Ms Tan was a shade more circumspect about the numbers of
Singaporean tourists looking to take advantage of the cheaper
pound.
“We do not expect the number of bookings to skyrocket overnight.
Again, drawing comparison to what happened when the Australian
dollar fell below parity versus the Sing recently, it will take a
while for travellers to react and travel bookings to pour in.”
PROPERTY
As the dust settles on the Referendum result, and officials
start to negotiate the exit plan, there will be uncertainty over
the next two years, said Mr Ku Swee Yong, the CEO of property
agency Century 21 Singapore. This could hurt London’s appeal to
international property investors and absentee landlords.
“The uncertainty could result in corporate considerations, like
to shore up cash by downsizing the workforce. This could hit those
in trading-related activities, in commodities.
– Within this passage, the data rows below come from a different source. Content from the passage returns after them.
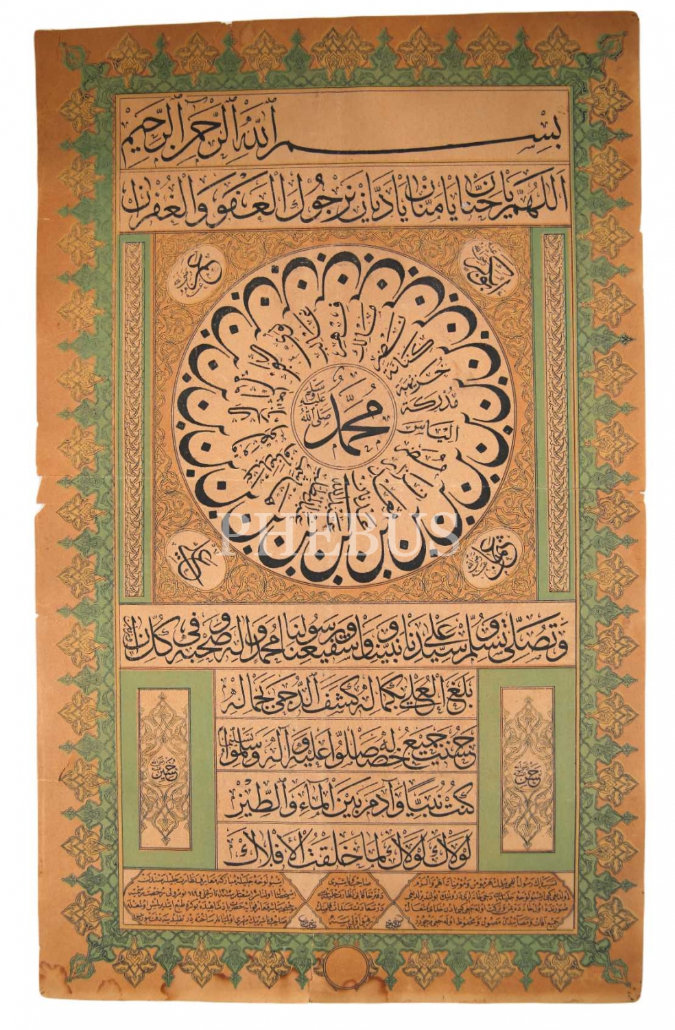 Hz. Muhammed'in Matbu Neseb Levhası, Hüsnü ketebeli, Defter-i Hakânî Nezareti, İstanbul 1315, 27x44 cm, kenarları yırtık haliyle
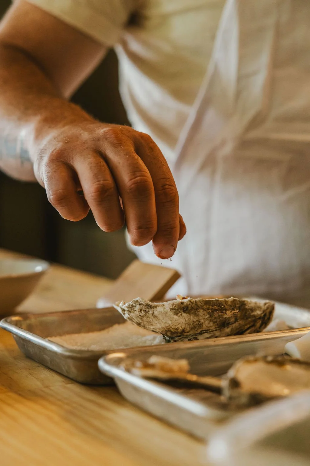 Sometimes we have last minute seats to fill at the Chef's Counter, which we offer at a discount 48 hours before service begins. This is a wonderful opportunity to dine at Sassafras at more accessible pricing, though it requires flexibility that not everyone has, especially those who must travel far distances. While anyone is eligible for these offers, we are pleased that this has become a way for more local residents to experience our shared Chesapeake story—a story of commonality and pride.
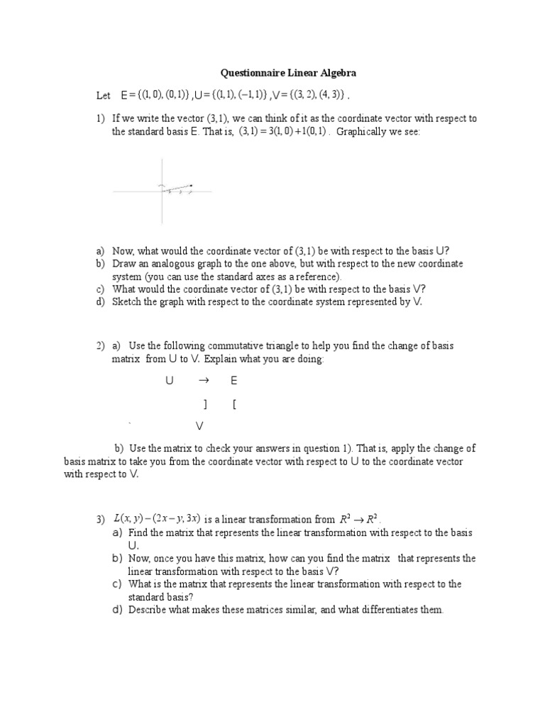 a) %ow, what wo&"d the coordinate vector of (3,1) be with respect to the basis U?
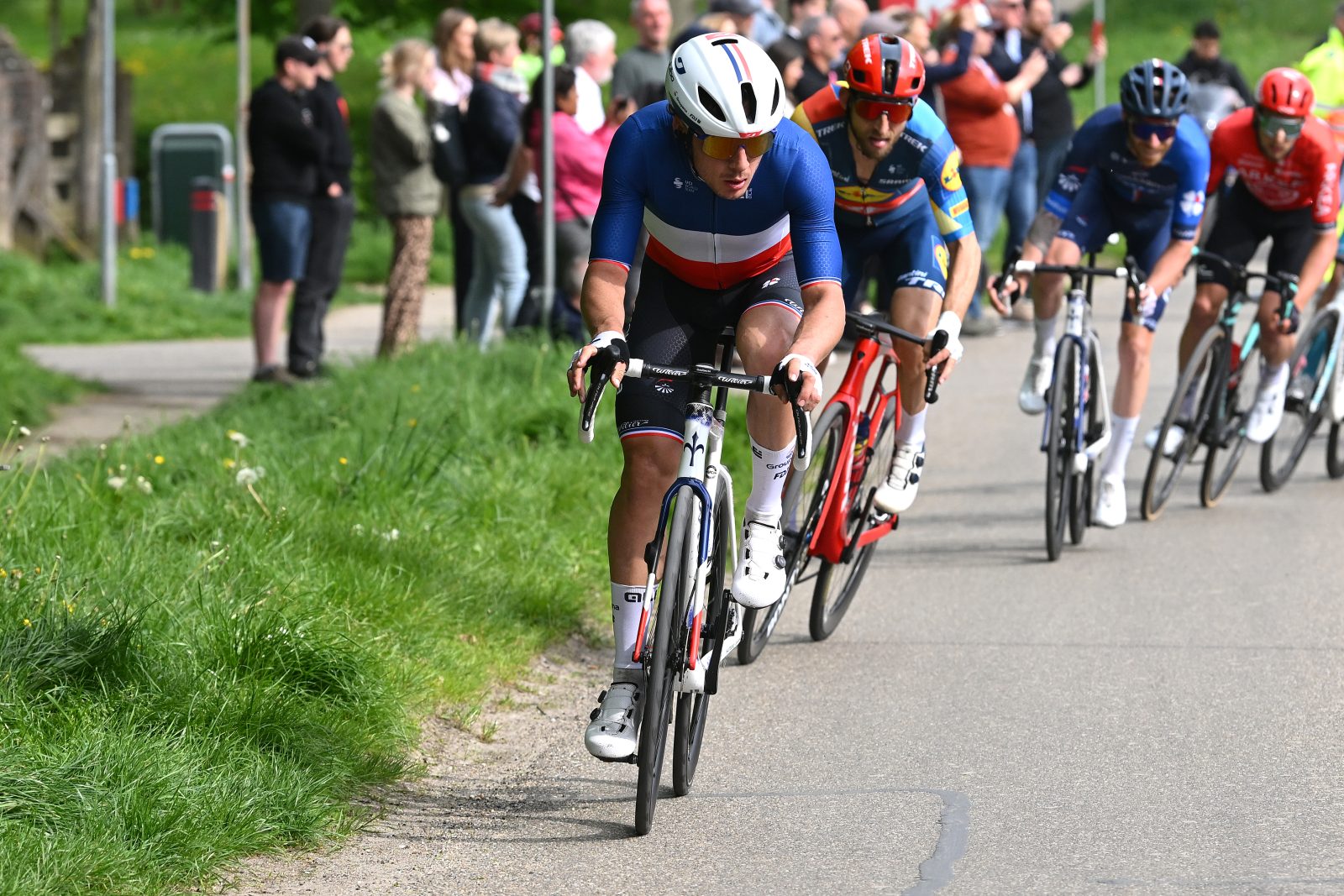 Légèrement distancés dans le Keutenberg, Valentin Madouas et Quentin Pacher ont pu raccrocher le wagon peu après et aborder les vingt derniers kilomètres avec quarante-cinq secondes d’avance sur le peloton. Le Cauberg s’est présenté pour la dernière fois mais n’a pas opéré de réelle sélection à l’avant. En revanche, l’avant-dernière montée répertoriée, celle de Geulhemmerberg, s’est avérée de trop pour le duo français. « J’avais les jambes dures, pleines de toxines, expliquait Valentin. J’essayais de gérer au maximum mais les jambes ont parlé ». Hirschi, Benoot, Vansevenant et Pidcock se sont détachés et ont dès lors collaboré pour éviter le retour de leurs concurrents. En poursuite, les relais ont continué à passer, mais l’écart est passé de dix secondes à dix bornes du but, à vingt secondes à trois kilomètres du terme. Ce n’est qu’à l’approche de la flamme rouge que le groupe de tête a observé une petite temporisation, permettant un léger rapproché des cinq coureurs en contre. « J’ai essayé de ramener Valentin le plus près possible dans la dernière ligne droite pour essayer de jouer la victoire », indiquait Quentin. Il en a toutefois manqué un petit peu pour rebattre les cartes. À l’arrivée, Valentin Madouas s’est donc octroyé la sixième place et Quentin Pacher la huitième au sein du premier groupe de poursuivants. « On a couru comme on voulait courir et on n’avait simplement pas les jambes pour gagner, disait le Breton. Je n’avais pas des jambes extraordinaires, mais pouvoir jouer la victoire et être dans le match est positif. Il y avait quand même un sacré niveau ici, il fallait s’accrocher ».

And this will affect
rents, especially in London,” said Mr Ku.
“With the decision to exit the European Union, for existing
Asian property owners, the fall in the pound will impact the
repatriation of any income returns, as well as the gains on any
disposal,” said Mr Nicholas Holt, head of research for Asia Pacific
at Knight Frank.
“Although there is likely to be more volatility in the market,
ultimately most investors are looking to the long term – so will
continue to hold their assets, in the hope that any short-term
instability will eventually subside when more clarity of the UK’s
role in Europe is determined."
Meanwhile, Colliers International said the UK’s economic
fundamentals remained unchanged despite Brexit.
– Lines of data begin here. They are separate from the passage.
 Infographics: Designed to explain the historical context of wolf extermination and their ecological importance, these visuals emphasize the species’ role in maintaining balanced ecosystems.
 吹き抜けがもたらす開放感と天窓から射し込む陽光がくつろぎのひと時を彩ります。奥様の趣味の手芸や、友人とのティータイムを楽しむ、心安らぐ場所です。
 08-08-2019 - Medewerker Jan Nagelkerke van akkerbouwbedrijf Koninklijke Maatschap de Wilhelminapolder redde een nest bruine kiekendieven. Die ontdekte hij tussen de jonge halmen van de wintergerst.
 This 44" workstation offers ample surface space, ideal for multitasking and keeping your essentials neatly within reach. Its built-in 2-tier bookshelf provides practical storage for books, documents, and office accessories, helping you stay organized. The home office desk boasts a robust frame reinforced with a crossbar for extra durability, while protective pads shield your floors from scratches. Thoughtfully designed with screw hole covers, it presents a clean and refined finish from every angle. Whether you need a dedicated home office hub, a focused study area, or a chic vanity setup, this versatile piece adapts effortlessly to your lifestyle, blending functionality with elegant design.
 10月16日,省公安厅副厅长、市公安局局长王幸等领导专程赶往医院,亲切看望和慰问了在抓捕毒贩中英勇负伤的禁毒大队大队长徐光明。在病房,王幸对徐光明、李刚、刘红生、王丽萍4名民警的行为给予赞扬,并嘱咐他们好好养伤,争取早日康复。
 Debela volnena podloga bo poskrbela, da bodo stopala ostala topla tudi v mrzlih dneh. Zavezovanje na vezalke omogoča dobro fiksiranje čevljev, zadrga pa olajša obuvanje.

We consider buying opportunities "ripe" for Asian investors,
said Mr Richard Levene, Director, International Properties,
Colliers International. “This also creates an excellent opportunity
for our international buyers to benefit from currency gains as the
pound strengthens over time.”
WORKING PROFESSIONALS
The exchange rate implications would also be felt on salaried
professionals working in Singapore and the UK. Architect Leanne
Taylor, 27, who earns in Sing dollars, has mixed feelings.
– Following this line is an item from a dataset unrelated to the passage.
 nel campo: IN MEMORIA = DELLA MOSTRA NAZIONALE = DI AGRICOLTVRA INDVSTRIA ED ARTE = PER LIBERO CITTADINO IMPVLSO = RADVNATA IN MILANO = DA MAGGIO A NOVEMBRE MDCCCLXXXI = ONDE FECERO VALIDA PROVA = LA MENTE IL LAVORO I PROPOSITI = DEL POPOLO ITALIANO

The British national, who has been working in Singapore for more
than two years, said Brexit has led her to reconsider plans to move
back home.
“On one hand, maybe it's a good time to go back and buy a house.
On the other, architects like me will not be able to access the EU
market and tender for work, and that’ll mean fiercer competition
for local work,” she said.
“If I were still in the UK, I wouldn't be too happy. On a US
dollar basis, income would have dropped 5 to 10 per cent and taxes
are still sky high, at 30 to 40 per cent,” said a Singaporean
banker who declined to be named. He recently relocated home after
two years in London.
“Some of my colleagues, especially those who have invested in
real estate, are reeling from the sterling plunge. The property
market is relatively more illiquid, with more transaction costs,”
said the 29-year-old.
As for London-based Singaporean Edna Goh, 29, she is less
concerned about the dollars and cents of it all.
The finance professional, who has lived in London for the last
seven years said: “To me, it's not about the money. It's about how
London is becoming less tolerant to immigrants. It's very upsetting
given that London is London because of the EU.”